В машине Г. М. раздался низкий, немелодичный, странный звук, который Поллард вскоре идентифицировал как радостный смех. Хотя выражение лица Г. М. едва ли изменилось, он двигался вперед и назад в припадке чего-то вроде деревянного экстаза. Веселье все продолжалось. В тот момент Полларду не пришел на ум комментарий юного Уеллера: «Ну, я никогда не видел такого старого привидения за все свои дни. Над чем ты смеешься, тупица?» Но он подумал что-то вроде этого и вот что сказал:
– Попал прямо в объятия змеи. Вы думаете, он сумеет позаботиться о себе?
– О, с ним все будет в порядке, сынок, – успокаивающе хрюкнул Г. М. – Он исполнит свой долг, и, когда это сделает, этой женщине придется пережить довольно неудобные четверть часа. Но, держите меня семеро, все-таки стоило прожить так долго, чтобы это увидеть! Она втащила его в машину раньше, чем ты успел бы сказать «фокус-покус».
– Полагаю, адвокаты могут себе позволить владеть лимузинами «даймлер», – заключил сержант. – Но куда она направилась, как вы думаете?
С некоторым трудом Г. М. выбрался из-за руля.

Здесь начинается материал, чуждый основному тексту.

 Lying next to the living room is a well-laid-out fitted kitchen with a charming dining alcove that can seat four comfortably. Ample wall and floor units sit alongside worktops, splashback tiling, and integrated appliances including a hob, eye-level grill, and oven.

– Эта машина? Да она нанята. Есть такая компания, которая сдает их в аренду на вечер, если вы хотите произвести впечатление на своих друзей. Гм… Пойдем, сынок. Мы с тобой намерены устроить и устроим небольшой causerie[2] с Дервентом. Ордер? Никогда не думай, получил ли ты какой-нибудь ордер; я – тот, кто обладает властью, будь ты проклят, и не забывай об этом. Я рад слышать, что старина Джем Дервент дома. Мне нравится этот парень.
– Вы хотите сказать, что знаете его?
– Я знаю всех, сынок, – утомленно поведал Г. М. – Разумеется, я его знаю, вот почему и очень рад, что могу сунуть голову в это дело впереди Мастерса. Джем Дервент – хороший и потрясающе умный человек. А теперь хотел бы я знать…

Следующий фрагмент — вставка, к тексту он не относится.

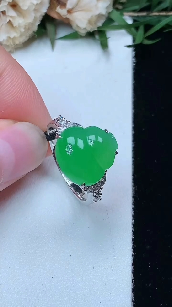 冰飘绿葫芦吊坠,18k金镶嵌,冰润细腻,色甜,种水足,Yt 尺寸21.2*12.7*6.6
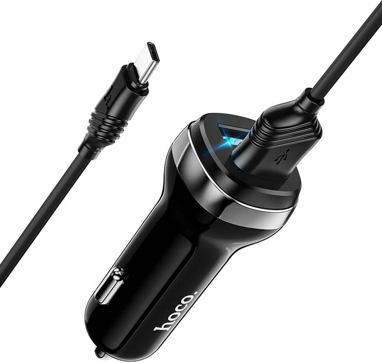 Автомобильная зарядка HOCO Z40 Superior, 2*USB + Кабель USB-Type-C, 2.4A, черный
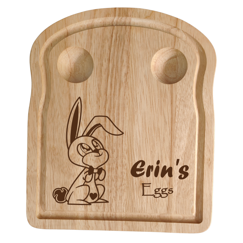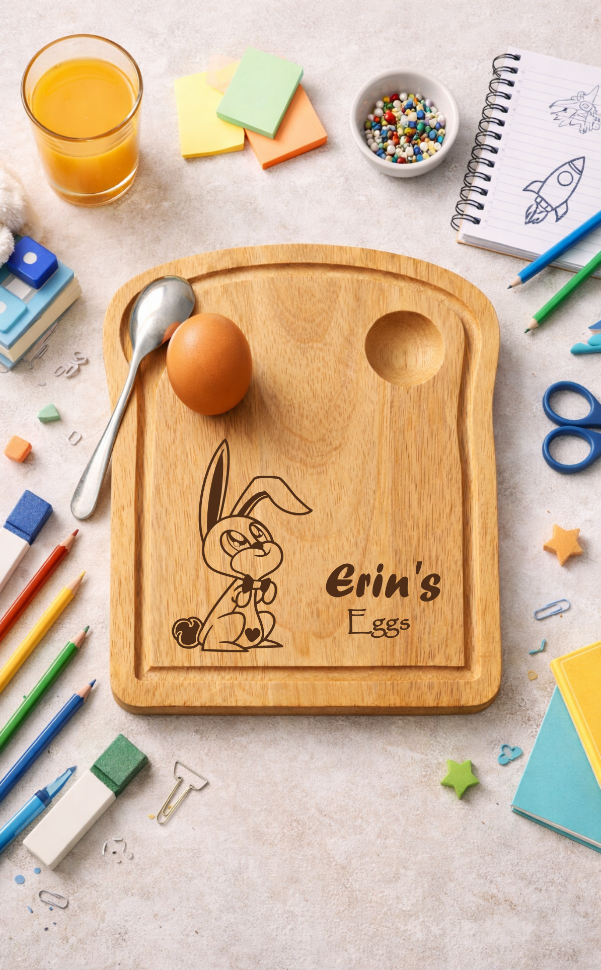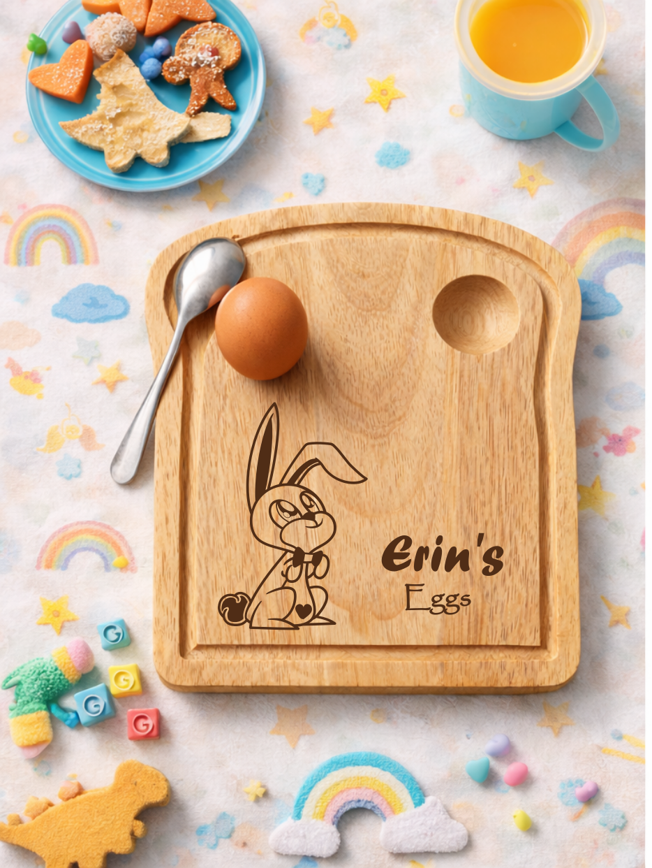 Make breakfast magical with this adorable personalised wooden egg board featuring a charming Easter Bunny design and your child’s name! Handcrafted for style and functionality, this custom dippy egg holder is perfect for little ones who love their boiled eggs and soldiers.

Он толчком открыл одну из зеленых дверей. Внутри высокого холла маленький садик, выглядевший неухоженным, был затенен зеленой листвой. Дом был квадратным, без украшений, света нигде не было. Вместо того чтобы подойти к парадной двери, Г. М. неуклюже двинулся вокруг по боковой дорожке, которая привела их на зады дома. Лондон, казалось, совсем исчез. Прямая дорожка вела к летнему домику. А из летнего домика наружу пробивался свет. Во влажном воздухе чувствовался запах сигары.
В летнем домике горела лампа под абажуром. Рядом с ней, откинувшись в плетеном кресле, сидел тощий длинный человек в обеденном жакете. Его длинные черные ноги были скрещены, и казалось, он смотрит куда-то вдаль. Вокруг лампы вились мошки, и одна большая коричневая бабочка билась зигзагами в окошко летнего домика; но он даже глаза не приоткрыл. А когда мужчина поднес сигару к губам, движение его было таким плавным, что длинный столбик пепла даже не дрогнул. В этой медлительности и неподвижности было что-то тревожное и немного зловещее.